The Pick Is In
On NFL Draft Day, the world focuses on names, numbers, projections, and potential.
I find myself thinking about something deeper:
Who are you choosing for your own personal team?
And just as important:
What are you bringing that would make other people excited to be on yours?
That, to me, is the real draft question.
Because life is a team sport.
Families are teams.
Friendships are teams.
Businesses are teams.
Partnerships are teams.
Communities are teams.
Even the most independent among us are still shaped by the people we choose to stand beside us and by the kind of presence we bring to them in return.
So if the pick is in, who are you choosing?
Are you choosing the person who is loyal?
The person who tells the truth?
The person who stays steady when things get hard?
The person who works hard without making every moment about themselves?
The person who can celebrate someone else’s success without jealousy, drama, or insecurity?
That is who I would choose.
Not the greedy, grabby one.
Not the one chasing attention.
Not the one who wants all the spotlight and none of the responsibility.
Not the one who knows how to be seen, but not how to serve.
I would choose the team player.
Every time.
And when I say that, I want to be very clear about what I mean.
To me, being a team player is not vague, passive, or soft. It is a powerful way of moving through the world. It means bringing loyalty, discipline, humility, steadiness, accountability, authenticity, and generosity into every room you enter. It means knowing how to lead without ego. It means knowing how to contribute without keeping score. It means being the kind of person others can trust not just when things are easy, but especially when they are not.
A real team player shows up prepared.
Keeps their word.
Does the work.
Handles pressure without creating chaos.
Brings calm, clarity, and consistency.
Makes the room stronger.
Makes other people better.
That is first-round energy to me.
And maybe that is why Draft Day has always felt like more than a football moment.
It is a human moment.
It is about dreams, yes but it is also about devotion. About families who sacrificed. About parents and grandparents who believed early. About teammates who sharpened each other. About the quiet years of work that came long before the public celebration.
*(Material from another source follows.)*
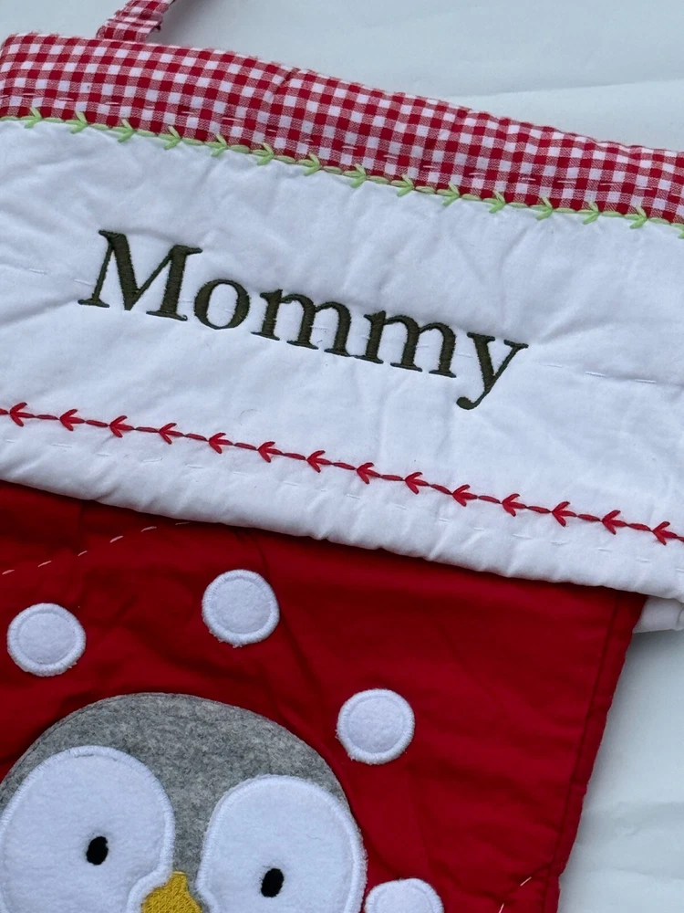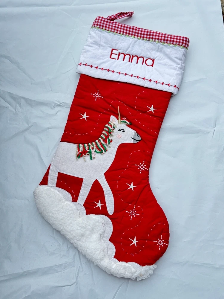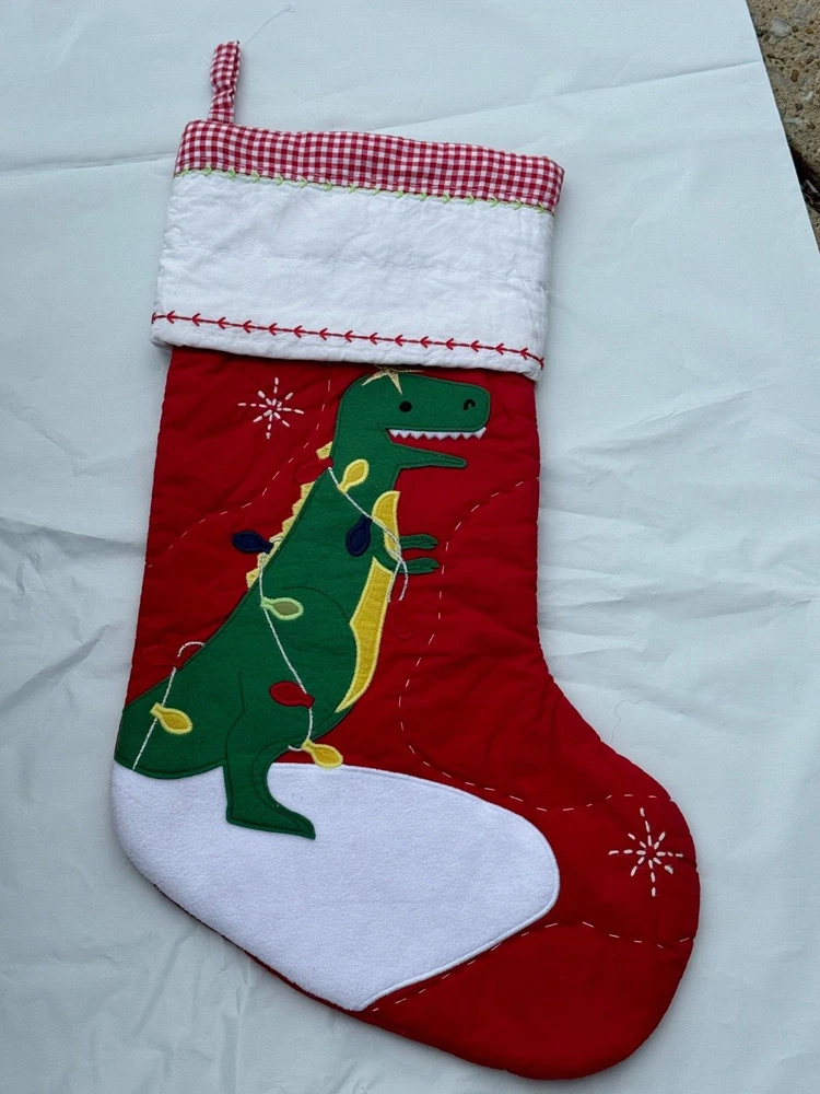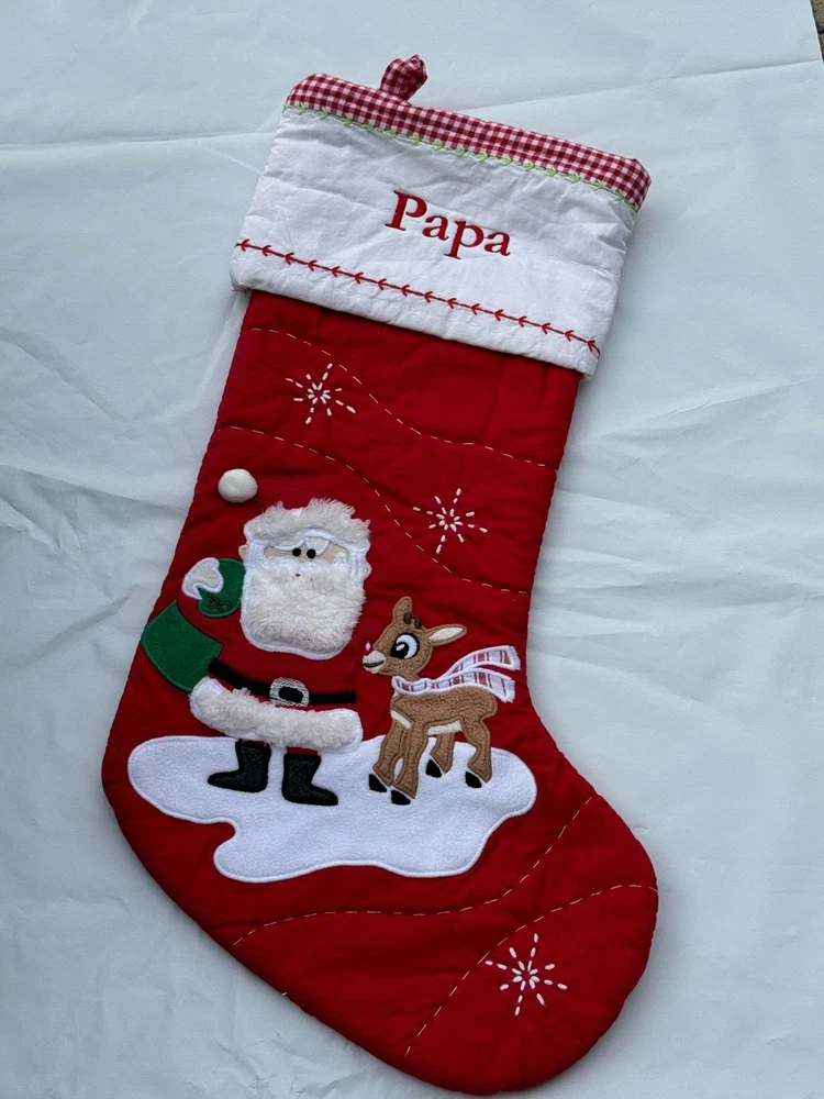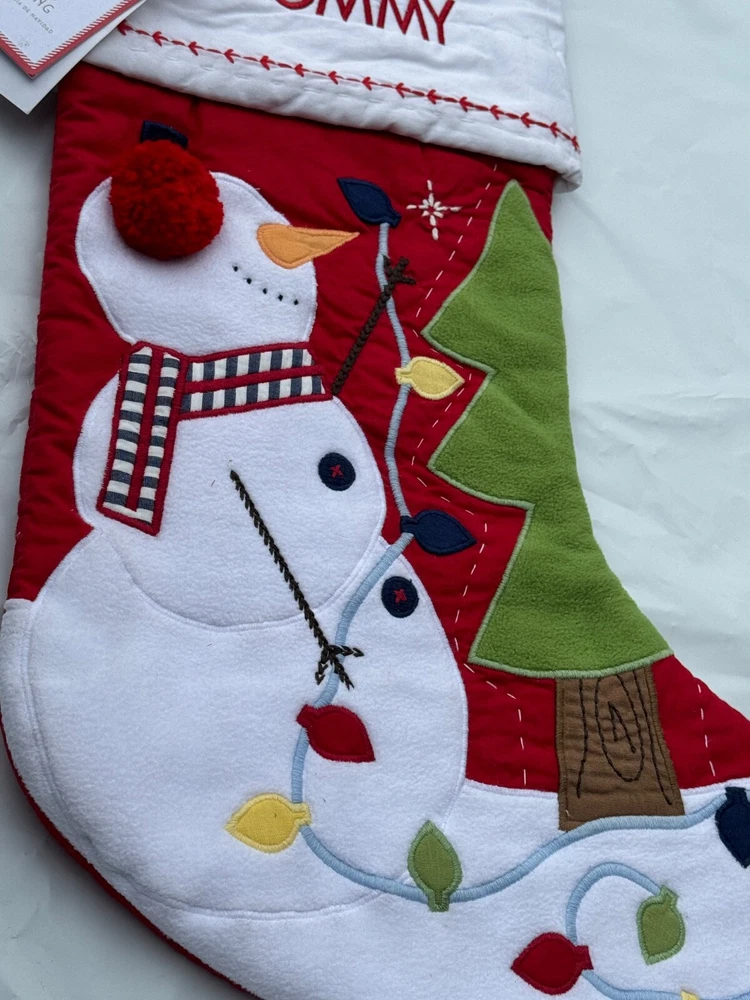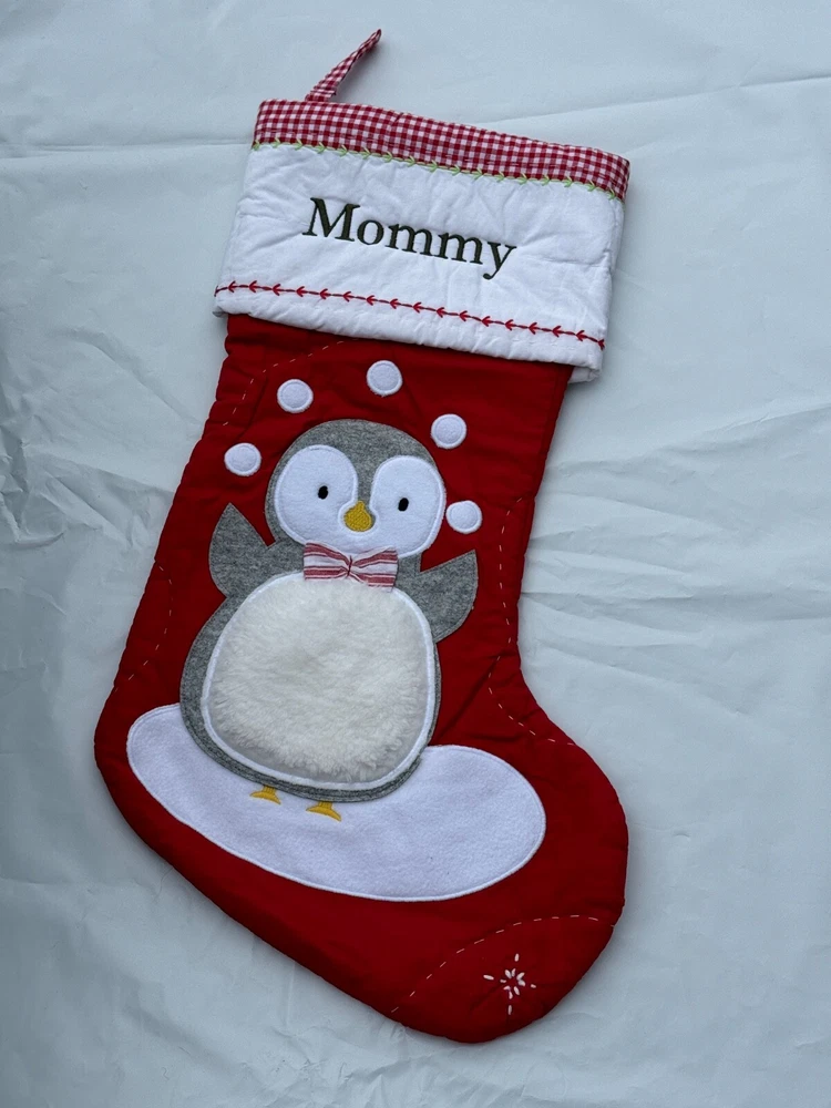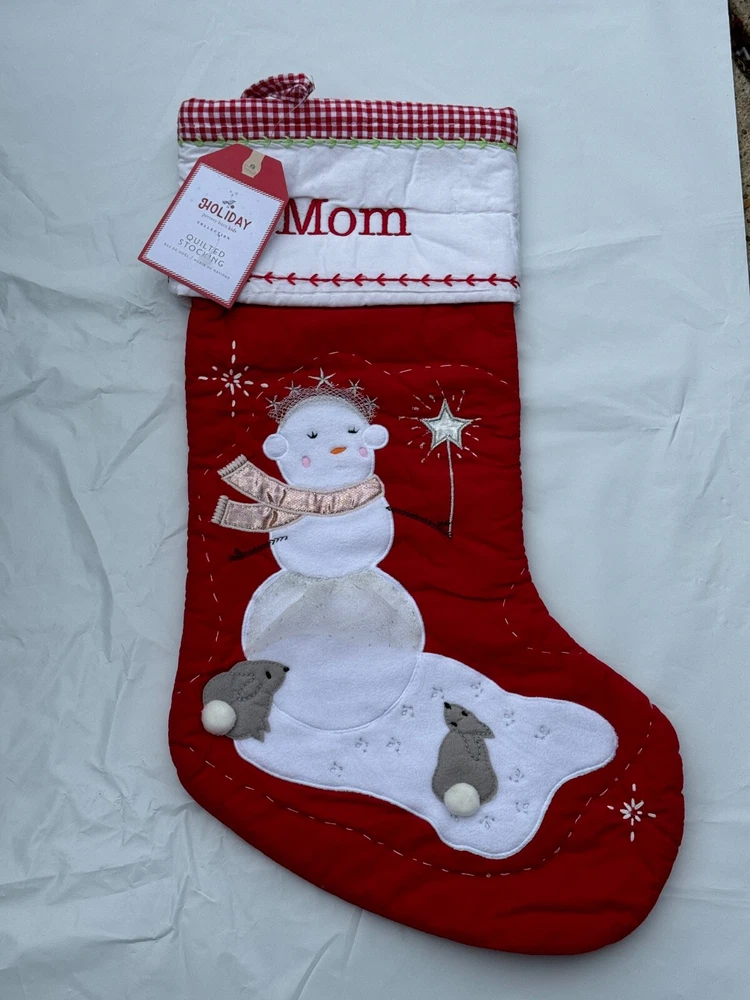 New Pottery Barn Kids Quilted Stocking Designs and monograms vary by selection. These Quilted Stockings are designed by our own artists with vivid and intricate 3-D details, appliqués and embroidery. Made from 100% cotton sheeting, lined with 100% polyester and filled with 100% cotton batting. Cuffs are made of 100% cotton percale. Stockings are yarn-dyed – fibers are treated individually with environmentally safe dyes before weaving to offer vibrant, lasting colors. DIMENSIONS Overall: 11" wide x 20" long Cuff: 5.5" high Length from top of cuff to heel: 20" long Length from heel to toe: 11" long Hanging Loop: 2.5" long Weight: 0.5 lbs

Days like this always make me think of my mom and my grandfather.
They make me think about standards. About sacrifice. About what it means to be worthy of responsibility. About how much work goes into building anything meaningful a life, a family, a team, a legacy.
And they remind me of something I believe deeply:
No one gets anywhere worthwhile alone.
That is why the people on your team matter so much.
But there is another layer to this that matters just as much.
It is one thing to know who you want on your team.
It is another thing entirely to become the kind of person great people want on theirs.
That is where this gets personal.
If I want loyalty around me, am I loyal?
If I want discipline around me, am I disciplined?
If I want steadiness, honesty, generosity, and heart from others, am I bringing those same qualities too?
Because everybody wants to be surrounded by first-round picks.
But are we becoming one?
Are we bringing trust?
Are we bringing calm?
Are we bringing humor, effort, perspective, and grace?
Are we making people feel stronger, safer, more energized, and more inspired when they are with us?
Those are real questions.
And they matter far beyond football.
The best teams are not built on talent alone. They are built on trust. On shared values. On emotional maturity. On people who understand that being part of something meaningful requires more than ambition it requires substance.
That is true in sports.
That is true in business.
That is true in friendship.
That is true in families.
That is true in life.
So when I think about the phrase the pick is in, I do not only hear a name being called.
I hear a challenge.
Choose wisely.
Build carefully.
Pay attention to what people bring.
Pay attention to what you bring.
Choose people who are loyal over self-interested.
Choose people who are accountable over excuse-filled.
Choose people who are authentic over performative.
Choose people who bring steadiness instead of chaos.
Choose people who know how to be part of a team, not only the center of attention.
And then do the work to become that kind of person, too.
Because being chosen is meaningful.
But being the kind of person others feel grateful to choose in friendship, in family, in business, in life, that is something even greater.
Everybody wants first-round picks in their life.